If there is a finite number of models, \(CV(m)\) is evaluated for all of them and the model \(m\) with the lowest value of \(CV(m)\) is chosen.
The main reason why we are usually interested in estimating the prediction performance is to select the best model out of several candidates, say \(m_1,\ldots, m_j\). \(CV(m)\) is evaluated for \(m=m_1,\ldots,m_n\) and the model with the lowest value of \(CV(m)\) is chosen.
The candidate models can be completely different, but often they differ only in a single tuning parameter (as we saw in the previous section). In that case, CV can be used to pick the value of the tuning parameter.
If the tuning parameter is continuous, one usually chooses a finite grid of values for the parameter, even though one opt to minimize \(CV(m)\) as a function of the tuning parameter by some optimization approach.
Example (Ridge Regression) The ridge regression estimator, for a fixed tuning parameter \(\lambda \geq 0\), is given as a solution to the following optimization problem: \[ \mathrm{arg \, min_\beta} \sum_{n=1}^N \big( y_n - x_n^\top \beta \big)^2 + \lambda \| \beta \|_2^2. \] Note: In practice, when the model contains the intercept as the first regressor, it is advisable not to penalize the first regression coefficient like above.
The reason for adding the penalty term in the formula above (as compared to ordinary least squares, OLS) is to cope with multicollinearity.

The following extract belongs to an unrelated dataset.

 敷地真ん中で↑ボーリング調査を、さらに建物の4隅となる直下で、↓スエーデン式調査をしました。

When the number of regressors (the dimension of \(x\)’s) is large, so is \(\beta\), and estimating a lot of parameters (with our finite sample) will lead to large variance in estimation. We know that the OLS estimator (i.e. when \(\lambda = 0\)) is the best (lowest-variance) linear unbiased estimator. Taking \(\lambda > 0\) introduced some estimation bias, but reduces variance, see the plot below. It can be rigorously shown that there is a whole range of \(\lambda\)’s (specifically \((0,\lambda_0)\), where \(\lambda_0\) depends on the magnitude of the true \(\beta\) and the noise level) for which the mean squared error of the ridge estimator will be better than that for OLS. This may or may not mean also better prediction, but in practice ridge regression performs better than OLS with respect to prediction as well, and a good value of \(\lambda\) w.r.t. prediction can be selected by CV.

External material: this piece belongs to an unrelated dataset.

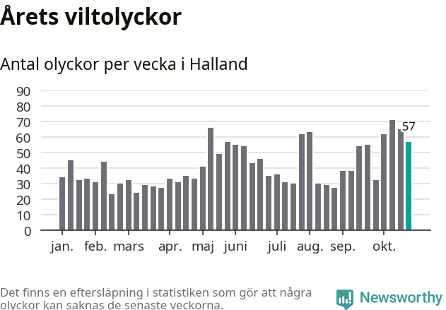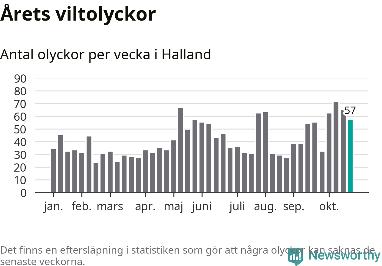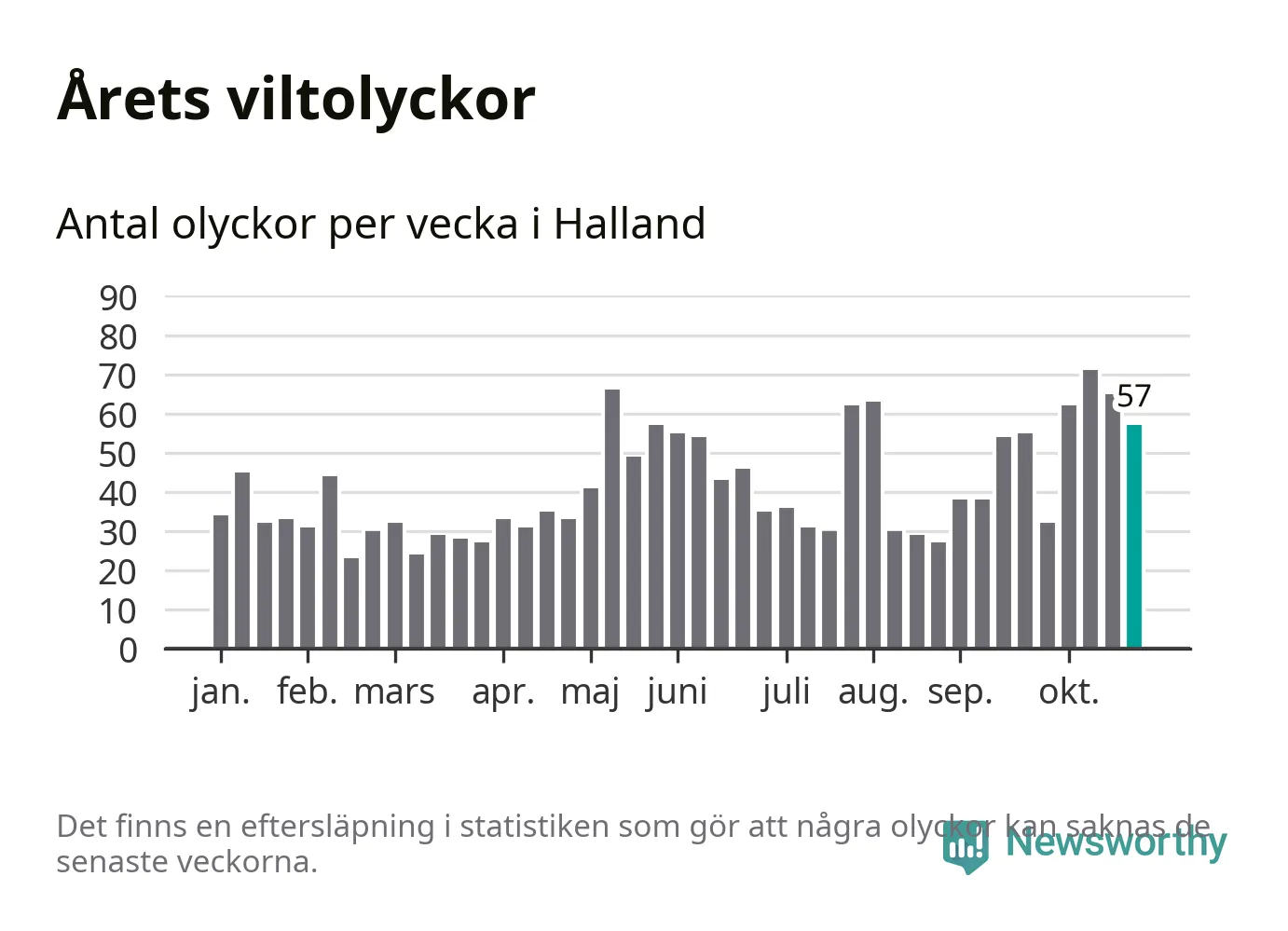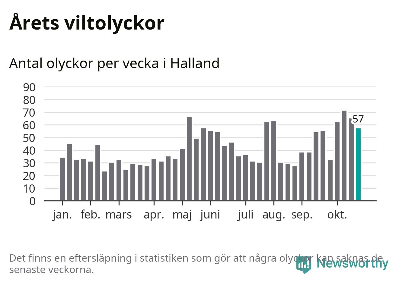Hittills har 57 viltolyckor rapporterats in i Hallands län från vecka 44. Se listan här.

Note: One should keep in mind that CV as described above is aimed at prediction. It can actually be shown that it is inconsistent for model selection (see here).
The plot above shows the bias-variance trade-off which is often controlled by the tuning parameter. Think about where OLS is on that plot, and where increasing \(\lambda\) in ridge regression takes us. Also think about what is happening with local regression as the bandwidth increases.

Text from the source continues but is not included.